Forgiveness helps us psychologically, but why is it so difficult to forgive… Why do we say that I forgive but not forget?
To forgive is not to annul, as if nothing had happened; nor is it to forget, as if a sudden amnesia were possible; nor is it not taking it into account, being reckless and not learning from experience.
Forgiveness does not mean being blind or naive. What's done is done and there is no God to change it.
Forgiving does not necessarily imply either granting mercy and suspending the imposed punishment. It can and should be punished when we seek to correct, but we should never punish with hate, because that is what revenge consists of. Taking revenge is returning evil for evil, it is adding fuel to the fire and making it grow more and more. We have to fight evil, put an end to it, but evil is best killed by poisoning it with good.

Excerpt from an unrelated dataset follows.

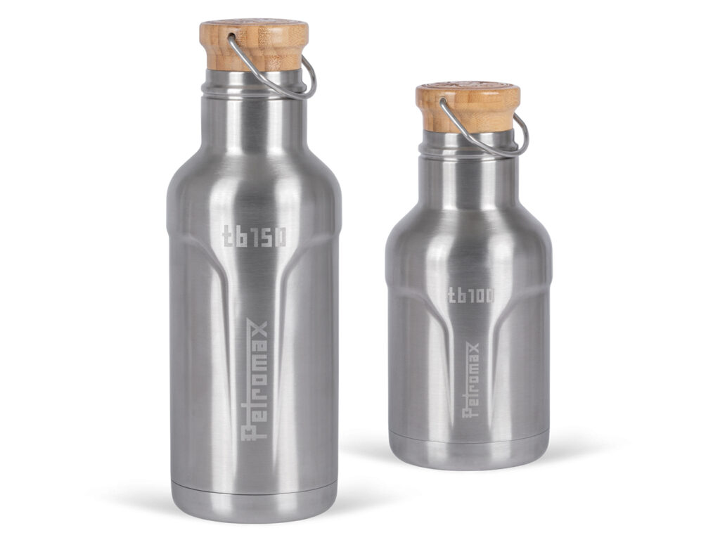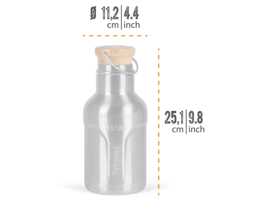 Dubbelwandige thermosfles met bamboe schroefdop en beugel, 1,5 liter. Houdt vloeistoffen warm of koud. Warm houden (inhoud > 50°C)

To forgive is to stop hating, it is to end resentment, to end resentment. To forgive is to give up revenge. And how is that done? We have many examples of wise men who knew how to forgive, but I believe that the best teacher of forgiveness is Jesus of Nazareth. If we had to summarize Christ's message in just two words, one would be forgiveness and the other love. From Jesus we get two different examples of forgiveness, one from understanding, identifying ourselves with the sinner: "He who is without sin cast the first stone." The other on the cross when he asks his father to forgive his executioners because they don't know what they're doing. What Jesus actually does here, more than forgiving, is loving compassionately, which is that universal, sublime and almost inconceivable way of loving.
And when you love, forgiveness is not necessary. We are very far from that love that includes the wicked and the enemy. To get there, we first have to forgive those who are very close to us and hold a grudge against them. Sometimes those people with whom we are resentful are as close as the parents.
Oscar Wilde said in The Picture of Dorian Gray: When little children love their parents, when they grow up they judge them and only sometimes forgive them. That, some say, is maturity. There will be those who do not know how to forgive, but there are also those who do not want to forgive. If this is your case, do not forgive and stay with your grudge, but you must know that in sin you will have penance, because grudge is sad and forgiveness joy.